С Василием Ивановичем в роли Епиходова произошла трагедия. Его никто — ни товарищи, ни режиссура, ни публика — не принял никак. Партнеры привыкли к тому, что почти вся роль шла под смех. С первого выхода Москвин ронял стулья, спотыкался, ронял букет и т. д. Публика была так готова к юмористическому восприятию его, что одно его имя уже вызывало смех. Как ни романтизировал Василий Иванович своего Епиходова, как ни превращал его в «Рыцаря-Несчастье», смех был и ему необходим. Смеха требовала сама речь, словарь и грамматика Епиходова, а смеха не было. Тогда Василий Иванович начал, вернее, пытался, оставаясь в задуманном образе, искать фортели, смешить — ничего не выходило. Публика принимала его с недоумением и жалостью. Это была та степень провала, которая становилась уже опасной для всего сезона: пойдут ли на Качалова — Астрова, увидев его в Епиходове?

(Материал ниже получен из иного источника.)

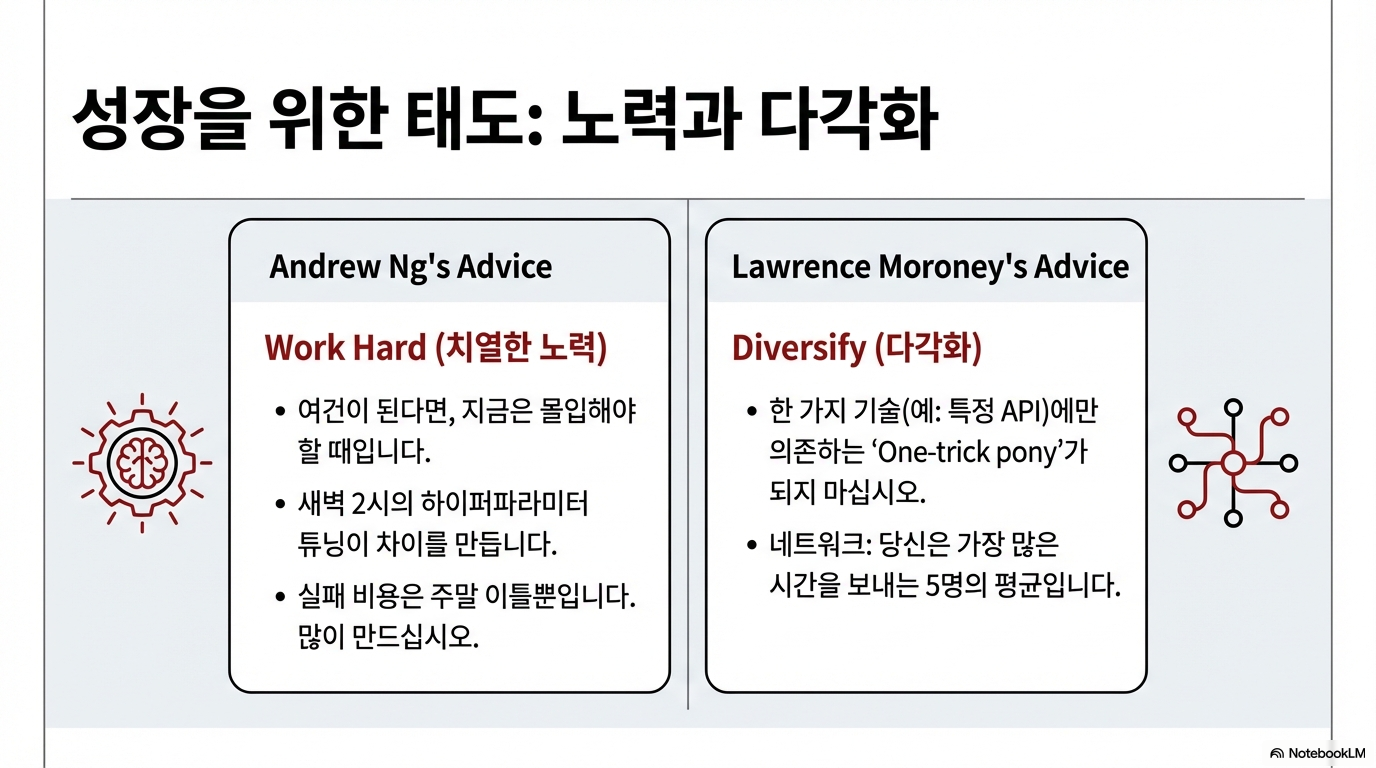 이 글은 최근 스탠퍼드 대학교에서 진행된 앤드류 응(Andrew Ng)과 로렌스 모로니(Lawrence Moroni)의 AI 커리어 강연에서 가장 중요하고, 때로는 직관에 반하는 핵심 인사이트를 분석하고 정리하기 위해 작성되었습니다. 넘쳐나는 정보의 홍수 속에서 길을 잃지 않고, 실제로 여러분의 경력에 도움이 될 명확하고 실행 가능한 조언들을 소개하고자 합니다.

Оказывается, амплуа — совсем не такое уж устарелое понятие, и за попытку отвергать его оно мстит. «Играет Епиходова? Так это же комик! Значит, это не тот Качалов, тот — Гамлет, Бранд, Чацкий. Обман!»

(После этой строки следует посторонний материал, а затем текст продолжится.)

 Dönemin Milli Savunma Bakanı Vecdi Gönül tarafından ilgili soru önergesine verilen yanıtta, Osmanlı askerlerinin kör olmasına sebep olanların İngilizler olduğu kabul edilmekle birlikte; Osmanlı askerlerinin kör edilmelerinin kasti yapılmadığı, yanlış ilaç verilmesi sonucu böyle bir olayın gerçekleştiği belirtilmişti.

Берсенев и Леонидов переполошились — пусть играет плохо Комиссаров, это лучше, чем «губить» Качалова. Начали деликатно намекать: пошалил — и теперь довольно, лучше отдыхай в этот вечер. Ольга Леонардовна тоже негодовала: Чехов такого не писал. «Глупости какие», — говорила она в ответ на декларации Василия Ивановича о «конторщике Рыцаре-Несчастье».
Стали спешно готовить Комиссарова. Но судьбу Василия Ивановича — Епиходова решила совсем другая, гораздо более властная режиссура!